雲燃烏發未束,如雲般垂落,身上隻著一件中衣,神情淡淡。


    “怎麽了?”


    燕子徐:“……”


    前輩,您是否太過從容?


    難道該問雲真人怎麽在這裏的人……不是他嗎?!


    第67章 琴鷗


    沈憶寒一夜裏睡得都有些不踏實。


    因他主動要求,昨夜裏拉著雲燃嚐試了祖師婆婆留下長樂登陽兩劍的雙修之法,他本來想得很好,紓解情蠱與雙修練功兩不誤,豈知弄巧成拙。


    這法門雙修過後,需要練化彼此供給自己的精元靈氣。


    沈憶寒以靈台桃樹淨化魔氣的速度推論,本以為至多一兩個周天也就足夠了,豈知遠非如此,比起當日在石髓洞府中,雲燃已稱得上很是克製,然而足足一個時辰,沈憶寒還沒煉化完一半,他身上實在累得厲害,又全然是個不同於其他修士少眠多坐的習慣,累了便要睡,於是支撐不住,倒頭沉沉睡去。


    這麽一睡著,疲乏感雖然暫消,夢裏卻總覺得小腹漲漲的,身上說不出的難受。


    好在靈台桃樹似乎也不全是等他練功時,才能發揮作用,一夜都在靜靜消化,那種不適感才淡去了許多。


    饒是如此,醒來後仍有種睡了和沒睡差不多的疲乏感,打著瞌睡穿了衣裳,又任由雲燃給他梳理發冠。


    兩人自少年時下山離島共同遊曆起,每每投宿凡間客店,夜裏總是沈憶寒呼呼大睡,雲燃打坐吐息,有時候沈憶寒晨起迷迷糊糊,神智不清,雲燃隻得承擔起替他束發整髻的責任,好叫沈宗主不至於形容不端,沒法見人。


    他做得太過自然,以至於沈憶寒從前對這份照顧並未覺出異常,也不曾多想,甚至潛意識裏漸漸以為好友之間,這樣的舉動並無不妥,對此習以為常。


    除他二人以外,這世上卻沒第三個人知道,雲真人那雙手,不僅握得聲震四方的蘅蕪、修得熾烈霸道的登陽劍,論起梳頭冠發這樣的水磨工夫,竟也靈巧十分,不遜女子。


    沈憶寒道:“阿燃……”


    雲燃手上動作頓了頓,“嗯”了一聲。


    沈憶寒想了想,雖覺這話有些不好意思,但似乎還是該說的……否則往後若次次如此,總不是個辦法。


    “你下次……能不能少些……”


    雲燃道:“你受不住麽?”


    沈憶寒本來還擔心自己說得太含混,他會不會聽不懂,誰知他不僅聽懂了,竟還這麽大喇喇的直接問出來,麵上不由微微一燙,道:“這有什麽受不住的?就是我要煉化……煉化你的……呃,總之,一次並不能太多……你按照祖師婆婆留下的心法,難道不覺有礙麽?”


    雲燃道:“並未。”


    沈憶寒:“……”


    好吧,人與人之間的確不一樣。


    但沈宗主覺得這不能完全歸結於自己的承受能力不行,而是因為按照祖師婆婆留下的雙修法門,他和阿燃分工不同,吃得多……克化的慢些,那不是也很合理?


    正自想著,外頭傳來兩聲敲門的聲音。


    燕子徐小心翼翼隔門問道:“雲真人……貴派的楚掌門與碧霞前輩經過客棧,叫弟子來問,您可要與他們一齊動身回門派?”

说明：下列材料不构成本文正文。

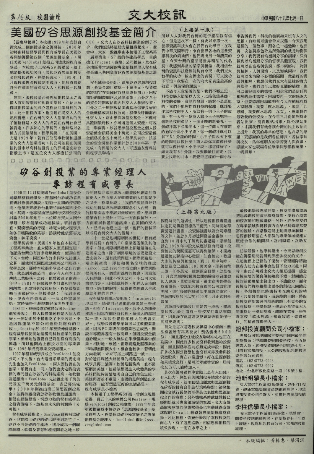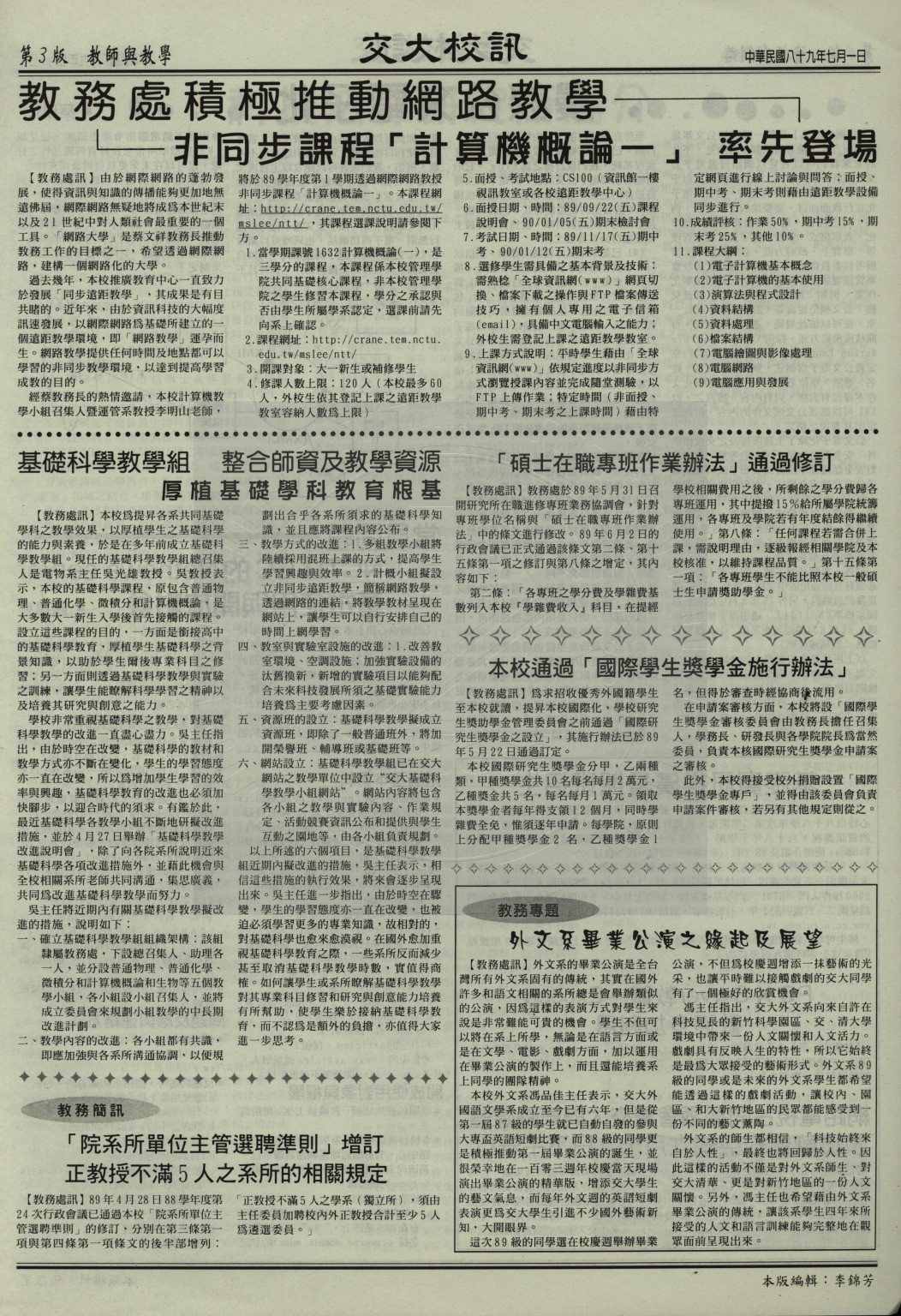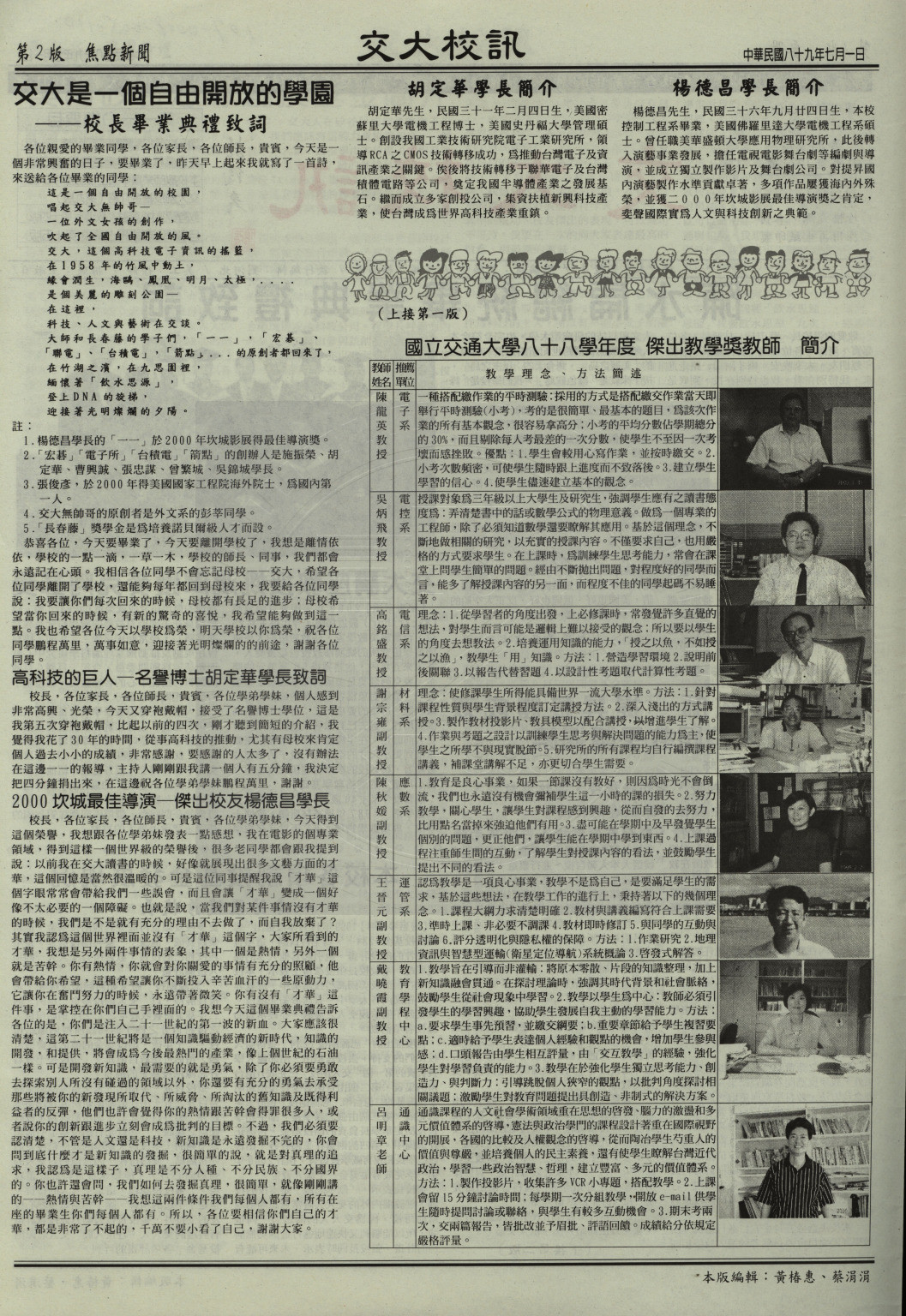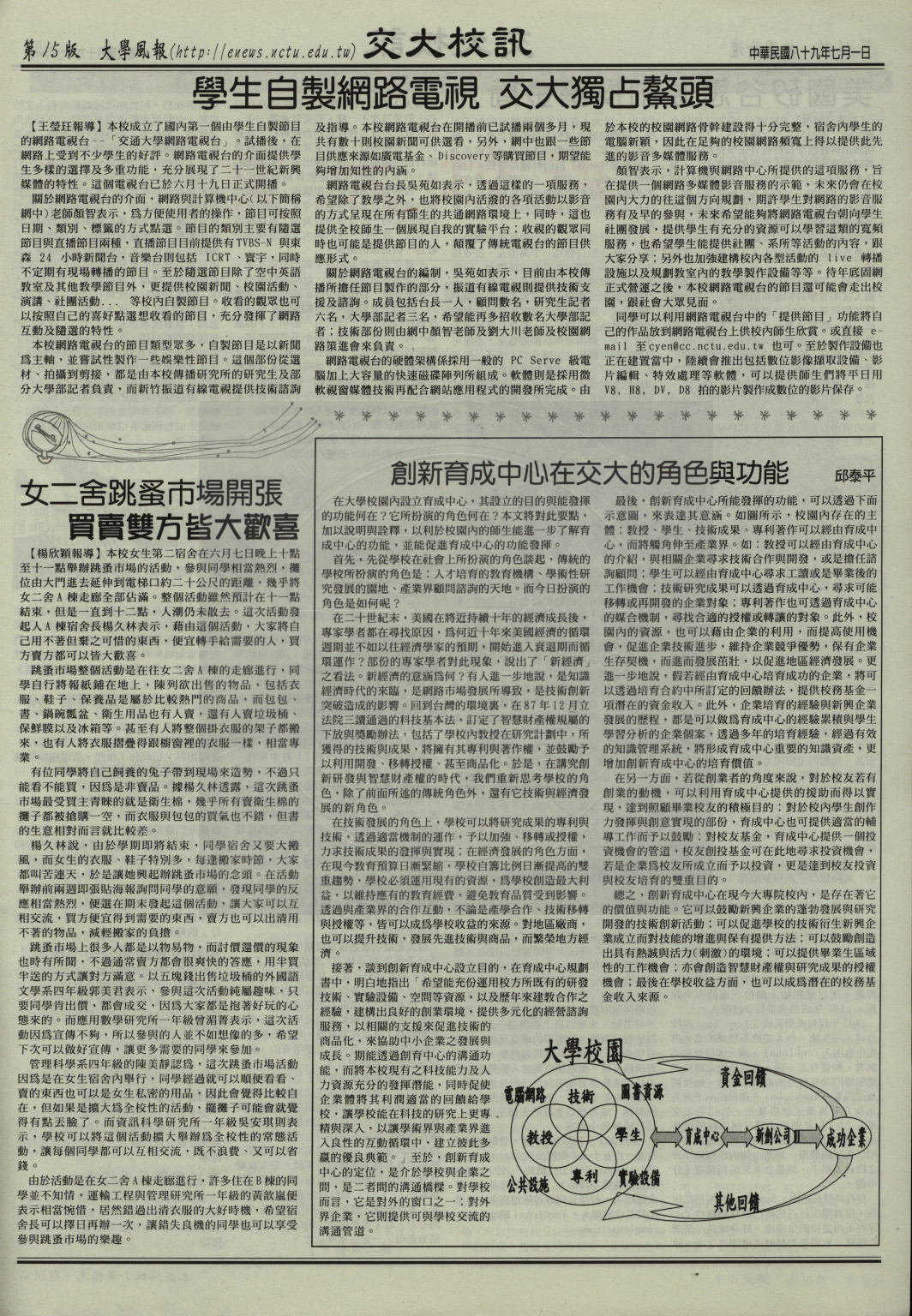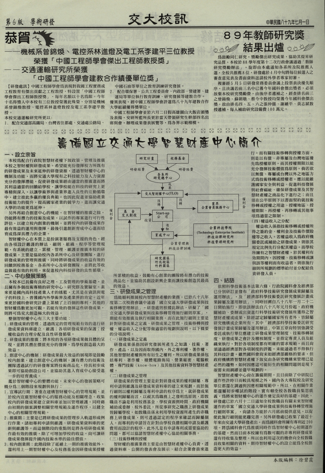 典藏地:交大校區 說明:交大校訊 第一一O期,內容含:陳水扁總統畢業典禮致詞;講座教授姚鴻澤獲麥克阿瑟獎;交大創投基金介紹;「楊英風數位藝術博物館」建置現況;籌備交通大學智慧財產中心簡介;學生自製網路電視等。 資料類型:書刊 典藏號:107-0008-005-110 品名:交大校訊 第一一O期 作者:國立交通大學秘書室編輯 年代:2000 出版者:國立交通大學 數量:1件 稽核資料:十六版(16頁) 版本: 印刷品 作品語文: 中文 關鍵詞:交大、校訊 權利聲明:國立陽明交通大學圖書館珍藏資料,如需引用,請註明來源。 取用權:開放

    雲燃道:“不必,勞你轉告,我此行不與他們同行。”


    燕子徐在外應了一聲,腳步聲漸遠。


    沈憶寒聞言,莫名覺得哪裏不對,愣了一會才反應過來,問道:“……子徐怎麽知道你在這?”


    “方才你未醒時他來過。”


    沈憶寒:“……”


    算了,反正有昨天那場談會,如今他與阿燃的關係也相當於昭告天下了,子徐也好、師弟也好、陸師伯也好……總歸都要知道的,早知道未必不如晚知道。


    “那你不跟你掌門師兄他們回去,難道打算和我回南海?”


    “怎麽,你不想嗎?”


    沈憶寒笑道:“那自然是想的,隻是你怎的忽然動了這心思?”


    這話出口,心裏倒也猜到一些。


    如今二人關係為人所知,那長青劍宗如此記恨阿燃,奈何不了他,難保不把氣撒在自己身上,還有一個鬼鬼祟祟不知來路的賀蘭庭——


    的確是該小心些。


    *


    從雲州到南海,近萬裏之遙,來時妙音宗眾人是先到昆吾劍派,再行折轉,路上玩心大於趕路之心,自然很是花了些時間。


    這趟回去得卻頗快,連常歌笑一貫玩心甚重的,都不知怎麽回事,回去路上明顯有些心事重重,既沒再插科打諢、頂嘴找茬,給陸奉俠添堵,也不曾找借口四處逗留、玩鬧耽誤。


    沈憶寒之前心思都在雲燃身上,倒未察覺,踏上回程路途兩日後,卻隱約覺出不對來,不著痕跡的叫來了燕子徐,問道:“你常師叔和太師伯是怎麽回事?我怎的覺得他兩個怪怪的,可是我不在的時候發生了什麽?”


    燕子徐聞言回頭看了一眼,見遠處常師伯正明顯有些神不守舍,蹬著那根青玉簪模樣的法器慢悠悠飛在隊伍最後,才鬆了口氣似的,扭頭傳音道:“……師尊猜的不錯,太師伯與常師叔的確大大吵了一架。”


    這兩個人會吵架,倒並不出乎沈憶寒的意料,或者說,這些年來陸、常二人實在沒少吵過架,如今出門在外,他倆居然還有得吵,這才讓沈憶寒覺得奇怪。


    他蹙眉道:“他們吵什麽?”


    燕子徐頓了頓,道:“太師伯與常師叔具體怎麽吵起來的,徒兒也不知道,總之就在師尊與諸派前輩離開天瑕城後的兩日,那時陸師伯受傷,常師叔怕我們毛手毛腳,都是親自照顧太師伯,日日守在太師伯身邊,寸步不離,當時承青還說,瞧不出師叔從前對太師伯鼻子不是鼻子、眼睛不是眼睛的,如今太師伯受傷,師叔居然會這樣在意。”


    沈憶寒道:“那怎麽還吵起來了?”


    燕子徐顯然很少在背後議論旁人是非,更不必說是自己師門長輩,顯而易見的十分緊張,雖然是傳音,還是咽了口唾沫,壓低聲音道:“後來一天早上,承青說他起來撒尿,聽見太師伯房中‘啪’得一聲,他就來叫我,我們倆一塊兒出去,便見常師叔……師叔他站在太師伯客房門前,臉上老大一個巴掌印——”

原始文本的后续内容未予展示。